3. Refining the clothes
It seems of utmost necessity to measure the environmental impacts before manufacturing any types of clothes by the textile industries on the customer’s demand. We could fix the old clothes through refining.
For instance, Patagonia’s Worn Wear Program offers old fixing clothes rather than selling new fashionable clothes. Several brands established so far have been fighting against the textile wastes released from the industries and the factories.
It does matter what type of clothes the company has produced and how it dealt with environmental conservation. The H & M, EcoAlf, Madewell, and The North Face have promoted second-hand and recycled clothes.
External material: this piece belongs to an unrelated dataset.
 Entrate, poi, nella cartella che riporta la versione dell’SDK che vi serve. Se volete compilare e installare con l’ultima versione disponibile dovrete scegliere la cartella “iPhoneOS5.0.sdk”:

The unwanted clothing must drop off immediately to protect the environment sustainably. It will help you with the quality of clothes rather than the number of clothes. Repairing the clothing could contribute significantly to launching the eco-friendly approach.
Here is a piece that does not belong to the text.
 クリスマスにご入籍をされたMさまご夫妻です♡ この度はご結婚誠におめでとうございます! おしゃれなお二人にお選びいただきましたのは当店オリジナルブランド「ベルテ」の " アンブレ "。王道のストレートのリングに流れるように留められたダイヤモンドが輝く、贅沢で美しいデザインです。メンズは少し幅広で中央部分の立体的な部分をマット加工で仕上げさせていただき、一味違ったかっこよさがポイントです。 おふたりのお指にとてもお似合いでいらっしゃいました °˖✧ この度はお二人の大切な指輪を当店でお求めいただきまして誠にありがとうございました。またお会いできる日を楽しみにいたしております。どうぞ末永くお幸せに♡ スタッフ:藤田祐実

4. Application of pollution-free technology and extensive research

While dealing with fashionable products, technology, extensive research, and significant investment seem foremost. The use of pollution-free technology during the manufacturing of the clothes could be the best effort. Fitting the pollutants resisting equipment could contribute to less pollution during the clothes production in the textile factories.
5. Alternatives application
Approaching the alternatives such as Aloe Vera, vitamin A, and beeswax to soften the fabric for clothes production seems better. Organic cotton production reduces the volume of inorganic wastes in the environment. Numerous activities target a safer environment for the textile and fashion industries, including using effluent treatment plants before releasing the chemicals and wastes into the water resources and adopting the chemical chimney in every clothing factory.
The fashion industries’ application of air dyeing technology and the oxygen-based bleaching method could undoubtedly be a fruitful option in protecting the environment.
Besides being stylish, you should not concentrate only on designable clothes’ instead, think about the environmental harms resulting from the production of trendy garments day by day that ruins nature.
The recycling system, exchanging the clothes, renting the clothes upon need, and donating the clothes to the clothes bank are eco-friendly methods that assist hugely in tackling the environmental crisis caused by the textile wastes from several factories and industries.
6. Shifting in consumer purchasing attitude
Depending on how many times you would wear the items you prefer to buy, you could purchase the clothes. It could reduce the habit of purchasing more and wasting it by wearing it only once or twice.
7. Eco-friendly designation of the clothes
We can promote the eco-friendly clothes designation. For example, it is possible to manufacture jackets from recycled bottles, shoes from algae and recycled plastics, and conversion of blankets and curtains into coats and jackets. It can assist hugely in utilizing the worn clothes so far. The clothes can be designed in several ways that target the eco-friendly approach.
Conclusion
The fashion industry, which produces fashionable clothes according to the customer’s demand and requirements, impacts air, land, and water directly or indirectly. It seems foremost to invest hugely in the clothes recycling system by the government. The public-private partnership is always substantial in conducting the partnership programs regarding the eco-friendly approach. Upon negligence to our environment in the name of lousy fashion, we will inevitably be the victim of massive environmental deterioration.